Passing this along. I thought it was great and would be interested to see what others thought of it. This quote helped me to understand my dad's reaction to my mother's crazy all these years:

The most harrowing example of this blindness, Heffernan points out, is in families damaged by child abuse. Some 700,000 cases of child abuse are reported each year — and this is one of the most underreported forms of violence in society for a variety of reasons — which makes it impossible to imagine how so many families can be blind to the tragedy within. And yet, Heffernan notes, imagining and acknowledging such a devastating idea requires of non-perpetrating parents and guardians to question their own reality to such a degree that many find unconscious escape in their “willful blindness.”

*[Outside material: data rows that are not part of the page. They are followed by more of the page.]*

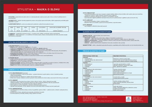 Přehledně zpracovaný přehled učiva pedagogy podle potřeby žáků. Přehledně zpracovaný přehled slohové výchovy pro žáky druhého stupně základní školy. Styly písemného a mluveného projevu, funkční styly spisovného jazyka - podrobně zpracovaný - prostěsdělovací, administrativní, odborný, publicistický, umělecký a řečnický styl. Podrobně zpracované slohové postupy a útvary. Přehledová tabulka slouží pro žáky prvního a druhého stupně. Přehledová tabulka je pomocníkem pro žáky se speciálními vzdělávacími potřebami Přehledová tabulka je vhodná pro žáky připravující se na víceletá gymnázia
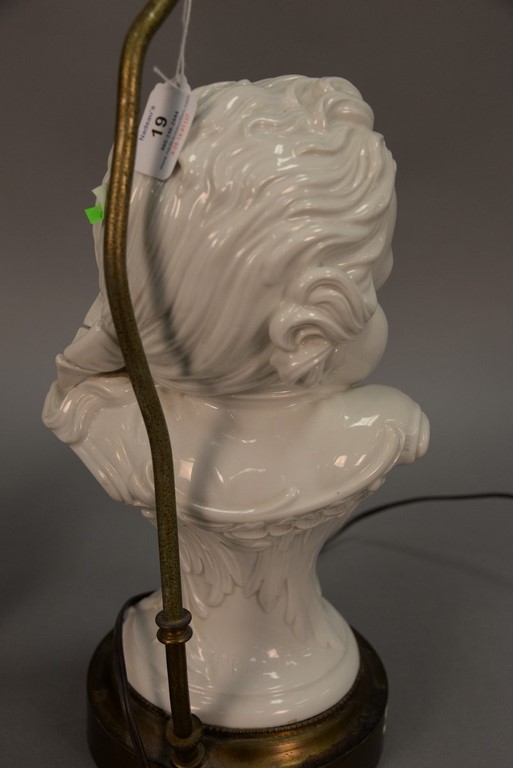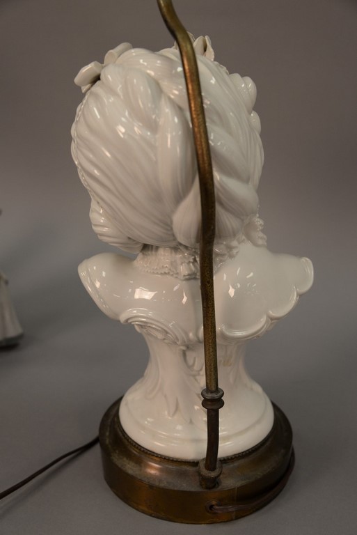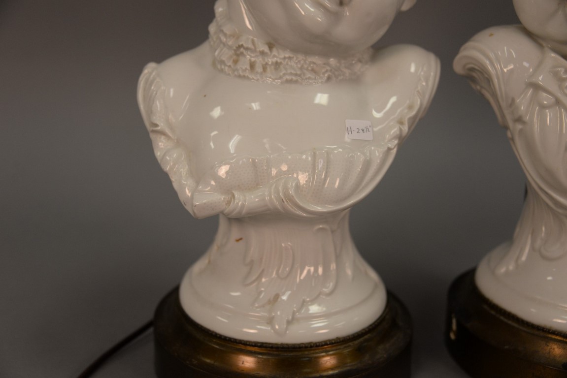 Lot 19: Pair of Italian porcelain white glazed buts of young boy and young girl, signed on back Pustelli. ht. 28 1/2 in.
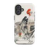 Stap de digitale boerderij binnen, jullie iPhone-dragende kunstliefhebbers. Numata Kashu's hanen paraderen over je scherm, een Meiji-era meesterwerk herboren als mobiele bescherming. Dit hoesje is niet alleen bescherming—het is een tijdmachine, die je meeneemt naar 1885 Japan waar houtsneden regeerden en hanen kraaiden met inktzwarte precisie.
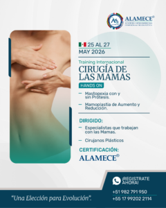 ALAMECE ha diseñado un curso completo de jornada quirúrgica intensiva full inmersión con diferentes cirugías como: Mastopexia con prótesis y colgajo muscular, Mastopexia sin prótesis y Mamoplastia de reducción y aumento.
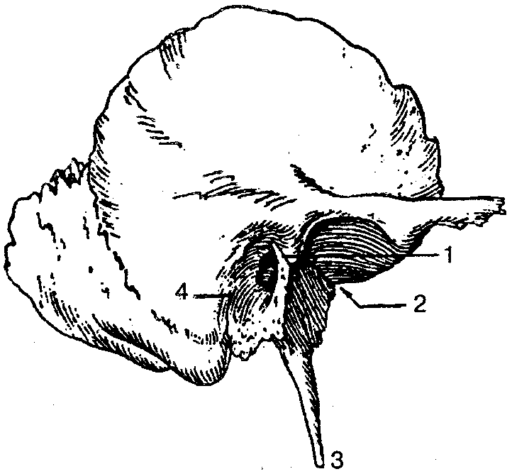 1 — барабанно-чешуйчатая щель; 2 — каменисто-барабанная щель; 3— шиловидный отросток; 4 — барабанно-сосцевидная щель
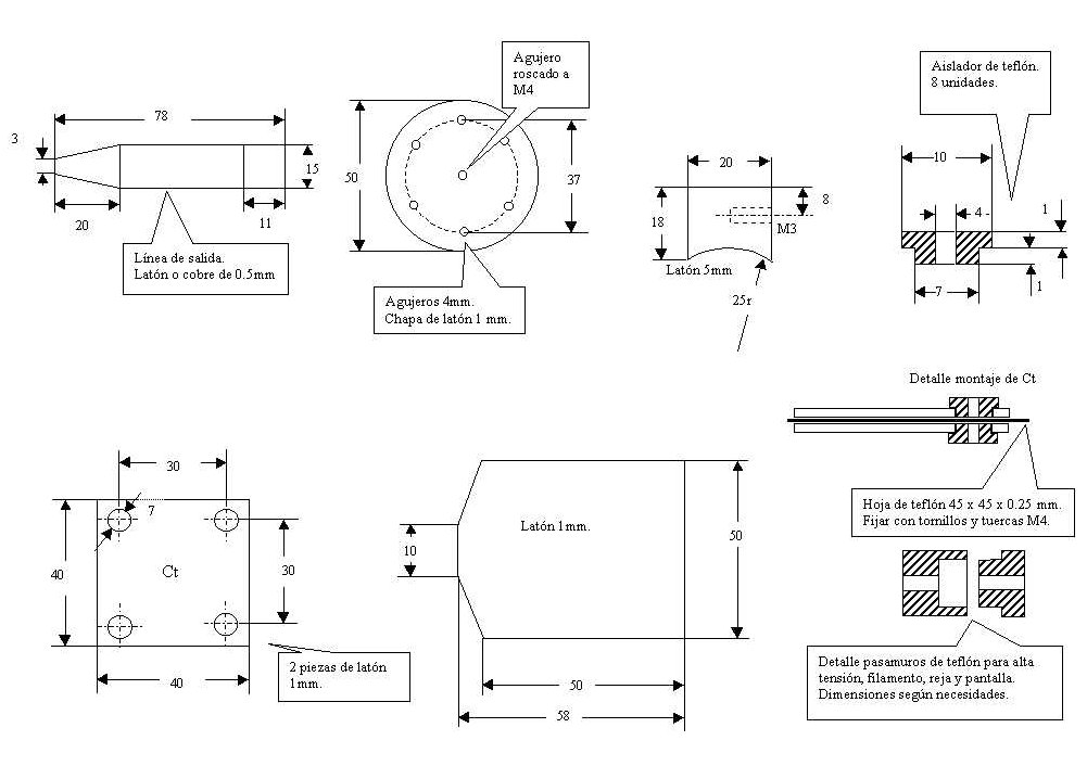 R1 : 4 resistencias de 10R / 1W en paralelo, soldadas a plaquita de latón según dibujos.
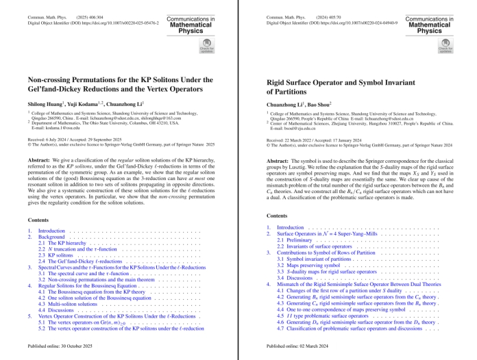 近日,BB贝博艾弗森官网数学与系统科学学院泰山学者李传忠教授研究团队在非线性可积系统与孤立子理论领域取得重要突破,相关研究成果Non-crossing permutations for the KP solitons under the Gel’fand-Dickey reductions and the vertex operator发表在国际顶级期刊《Communications in Mathematical Physics》。这是该团队继2024年在规范理论与几何朗兰兹纲领领域取得重大进展后,再次在该权威期刊发表其他领域关键研究成果。
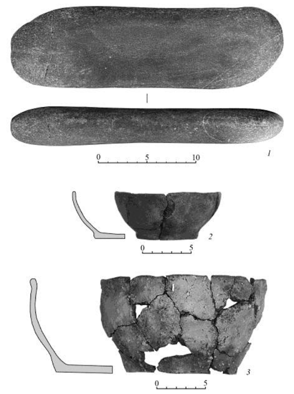 На низком мысообразном отроге второй надлуговой террасы, в 200 м от мыса, на котором расположены могильник и эскарпированная площадка, был найден на поверхности железный меч (вероятно, изъятый грабителями из разрушенного ими погребения и выброшенный из-за плохого состояния) линзовидного сечения со слабо выраженным черешком (рис. 5-4). Поблизости от места нахождения меча был заложен рекогносцировочный шурф первоначальными размерами 1x2 м. В дальнейшем он был увеличен до 2х4 м. Судя по керамическому материалу и пищевым остаткам (костям животных), на этом месте располагалось русское поселение эпохи позднего средневековья (ориентировочно XV-XVI вв.).
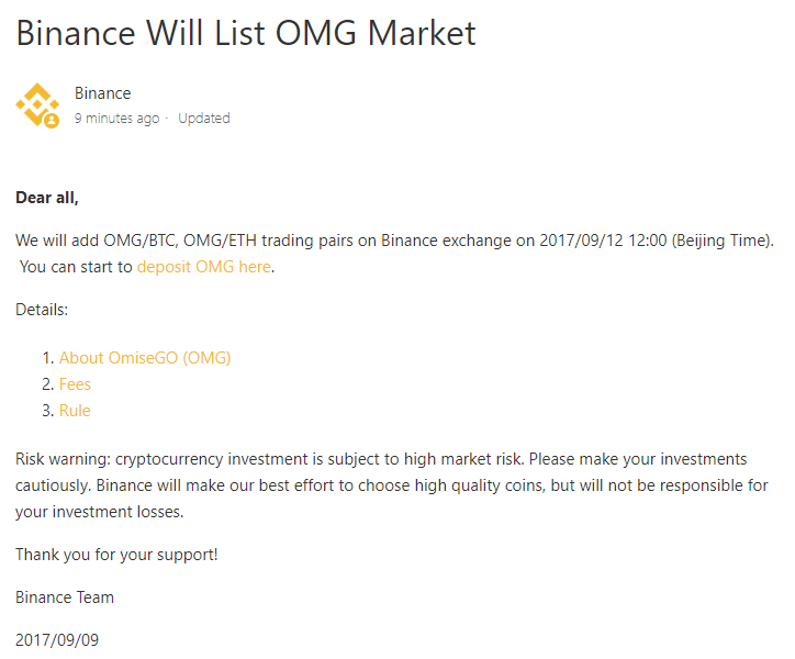 That's right, the recent price hike in OMG in the last couple hours is due to being added on more exchanges. HOP on the pump before it's too late. Binance will be adding OMG at 12:00 Beijing time, which is in 5 minutes!
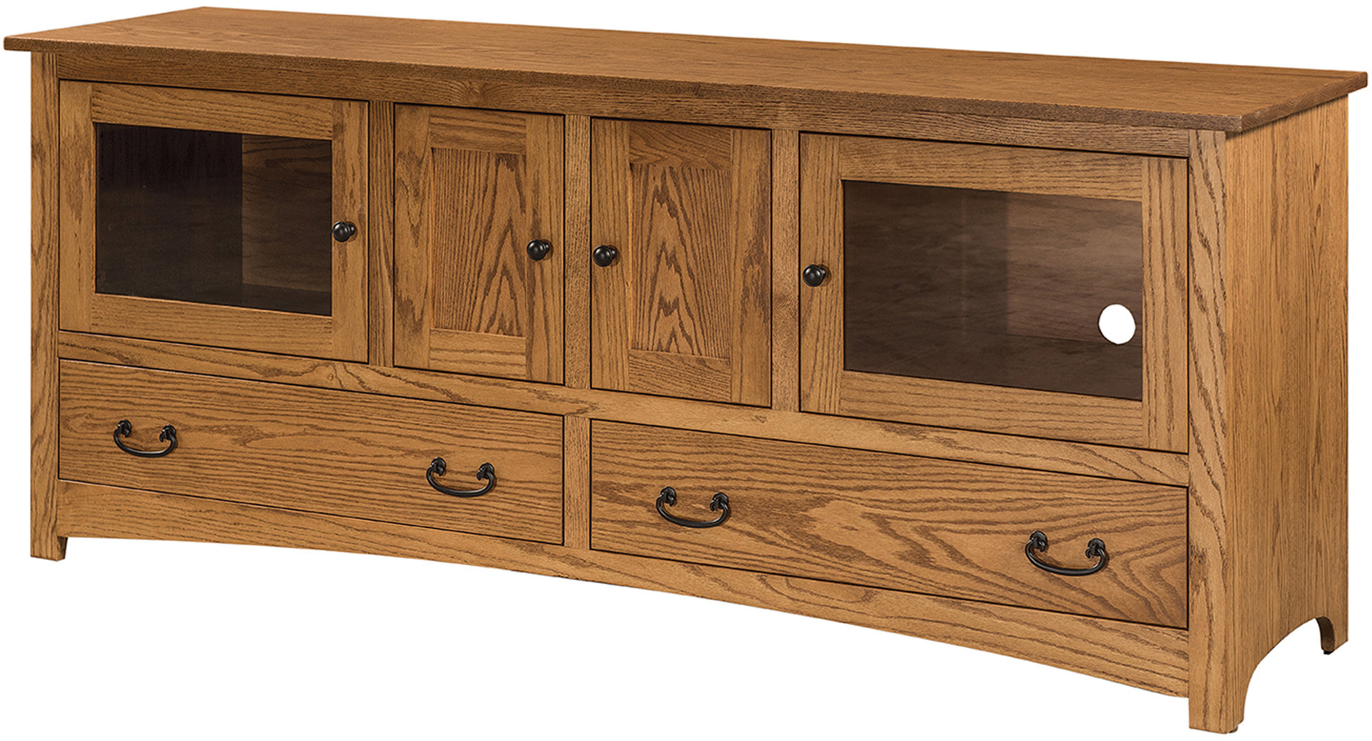 With its flush drawers and doors, plus smoked glass, the Shaker Plasma TV Cabinet reflects understated elegance. The adjustable shelf behind each door helps maximize space. Also, the drawers open full-extension. So you’ll enjoy easy access to every corner of the drawers. While the dovetail drawer joints enhance strength. Options abound. They include a sound bar below the hardwood top. In addition, you can choose mullions in the doors. Wood knobs. And soft-close doors and drawers. Amish artisans build each Shaker Plasma TV Cabinet. So it’s heirloom-quality! Now, make it yours. Simply complete the customizing fields below. With your choices for wood specie, finish and more. Or call 855-768-3270.
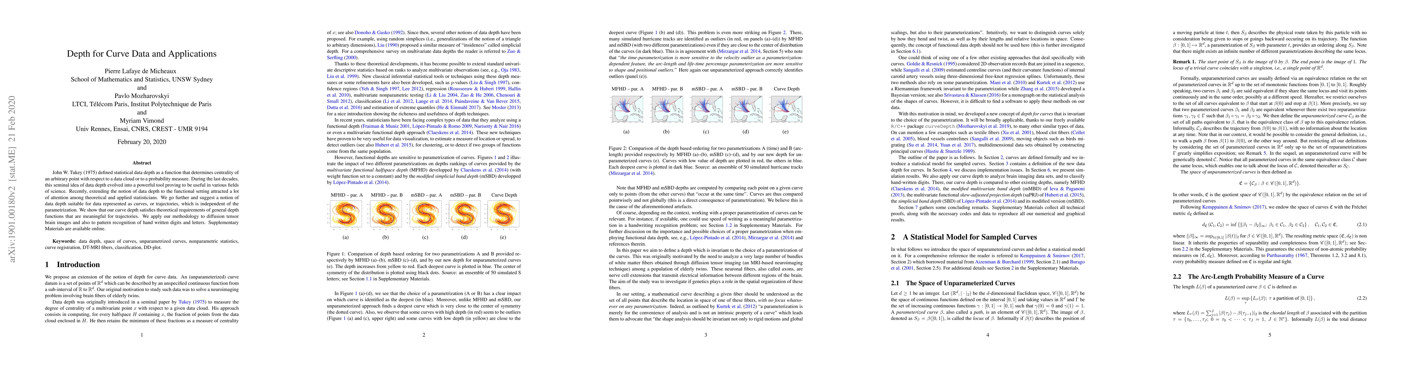 This paper proposes a novel data depth concept for curve data, ensuring it is independent of the parametrization. The authors demonstrate its theoretical soundness and apply it to diffusion tensor brain images and pattern recognition of handwritten digits and letters.

There is a way to make sure I don't make the same mistakes.

The most crucial learning that has emerged from this science is the recognition that we continue to change right up to the moment we die. Every experience and encounter, each piece of new learning, each relationship or reassessment alters how our minds work. And no two experiences are the same. In his work on the human genome, the Nobel laureate Sydney Brenner reminds us that even identical twins will have different experiences in different environments and that that makes them fundamentally different beings. Identical twins develop different immune systems. Mental practice alone can change how our brains operate. The plasticity and responsiveness of our minds is what makes each of us most remarkable… We aren’t automata serving the master computer in our heads, and our capacity for change can never be underestimated.

[…]

We make ourselves powerless when we choose not to know. But we give ourselves hope when we insist on looking. The very fact that willful blindness is willed, that it is a product of a rich mix of experience, knowledge, thinking, neurons, and neuroses, is what gives us the capacity to change it. Like Lear, we can learn to see better, not just because our brain changes but because we do. As all wisdom does, seeing starts with simple questions: What could I know, should I know, that I don’t know? Just what am I missing here?